Diese Fachärztin verhilft Medikamenten zum Durchbruch
Von Uwe Mauch
Corona-Pandemie, Mangel an Fachärzten, nicht lieferbare Medikamente: In der Flut an negativen Meldungen alleine aus dem Gesundheitsbereich ringen die guten Nachrichten oft mal um Aufmerksamkeit. Doch es gibt sie, und weil sie keine Eintagsfliegen sind, werden sie auch aufgegriffen.
Etwa die Geschichte von der persischstämmigen Frau aus Teheran, die mit neun Jahren die Schule wechseln musste, in Wien eine neue Sprache erlernte und zudem ihre zweite Heimat fand. Heute ist Ghazaleh Gouya-Lechner eine international anerkannte Medizinerin und Unternehmerin, die ohne viel Aufsehen zu erregen, zum Reichtum Österreichs beiträgt.

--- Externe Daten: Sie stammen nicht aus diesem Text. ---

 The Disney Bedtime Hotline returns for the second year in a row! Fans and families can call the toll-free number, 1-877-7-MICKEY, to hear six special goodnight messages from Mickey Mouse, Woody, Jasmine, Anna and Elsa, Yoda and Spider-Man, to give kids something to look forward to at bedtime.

KURIER: Was genau leisten Sie mit Ihrem Team?
Ghazaleh Gouya-Lechner: Wir beraten und begleiten Firmen und akademische Start-ups bei der Entwicklung neuer Medikamente. Das reicht von der Erstellung eines Business-Plans über die Unterstützung bei den einzelnen klinischen Phasen bis zur Einreichung etwa bei der EMA, der European Medicines Agency in Amsterdam, oder auch bei der FDA, der Food and Drug Administration in den USA.
Können Sie ein konkretes Beispiel nennen?

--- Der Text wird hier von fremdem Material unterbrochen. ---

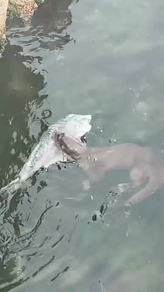 Sahil bölgesinde denize bakan vatandaşlar, suyun yüzeyinde kısa süre kalan bir su samurunu fark etti. Balık avladığı görülen su samuru, yakaladığı balığı yedikten sonra gözden kayboldu. O anlar çevredeki vatandaşlar tarafından cep telefonu kamerasıyla kaydedildi.

Besonders weit sind wir bei einem gynäkologischen Medikament, das hier in Wien entwickelt wurde.
Ist das schon auf dem Markt?
Wenn ich Ihnen sage, dass ich meine Firma vor sieben Jahren gegründet habe und die Entwicklung eines neuen Medikaments zehn Jahre und öfters auch länger dauert, dann sind wir hier weiter als ursprünglich geplant war.
Wie sind die Bedingungen für Forschung in Österreich?
Für die Gründung eines Start-ups eigentlich gut, auch im internationalen Vergleich. Erst wenn es so richtig teuer wird, ab der Phase 3, vor der Zulassung neuer Medikamente, und da reden wir schon von Summen im mehrfachen Millionenbereich, finden sich leider zu wenige heimische Investoren. Da könnten sich gerne ein paar mehr melden. Sonst wandert das mühsam erarbeitete Wissen schnell aus Österreich ab. Der Haken ist hier natürlich die lange Laufzeit der Projekte und auch die Unsicherheit, ob sich eine Investition je rentiert.
Muss das unsereins so zur Kenntnis nehmen, ohne da aktiv helfen zu können?
Helfen können auch Sie bzw. all jene, die nicht so viel Geld zum Investieren haben.
Und zwar?
Wenn wir es international vergleichen, zum Beispiel mit Großbritannien oder auch osteuropäischen Ländern, ist man in Österreich besonders zurückhaltend, was die aktive Teilnahme an den klinischen Studien betrifft. Immer noch sehen sich die meisten eher als Versuchskaninchen und nicht als jemand, der in der Innovationskette einen Beitrag leisten möchte. Damit neue Therapien Leiden von Menschen abmildern.
Da könnten sich gerne ein paar mehr melden, um Sie an dieser Stelle zu zitieren?
Ja, das wäre sehr hilfreich.
Ihre berufliche Karriere ist nicht linear. Sie sind eine sehr gut ausgebildete Ärztin, zudem Medizin-Managerin. Hat Ihnen das beim Gründen Ihrer Firma geholfen?
Unbedingt. Ich habe mich immer in unterschiedlichen Netzwerken bewegt. Diese Kontakte helfen mir jetzt.
Und wie geht es jetzt Ihrem Unternehmen finanziell?
Die Pandemie hat unsere Entwicklung nicht gefördert. 2023 wollen wir uns daher stabilisieren. Wir sind dabei, unsere Schäfchen langsam ins Trockene zu bringen.
Sie haben im Team einen Mix aus jungen und erfahrenen Forschern, auch Leute aus Syrien und aus der Ukraine. Was lernen wir daraus?
Ich kann dazu nur sagen, dass es sich gut ausgebildete Menschen heute aussuchen können, in welchem Land sie arbeiten wollen. Es macht daher schon Sinn, für Experten aus aller Welt offen zu sein.
Noch ein anderes Thema: Was sagen Sie zu den Frauen, die bei den Demonstrationen im Iran ihr Leben riskieren?
Ich bin überwältigt vom geballten Mut dieser Frauen. Trotz all der Rückschläge, die sie erleben mussten, ist es so: Das sind keine Proteste mehr, das ist eine Revolution, die von den persischen Frauen ausgeht. Ich hoffe nur, dass sie erreichen, was sie fordern: einfach ohne Angst zu leben.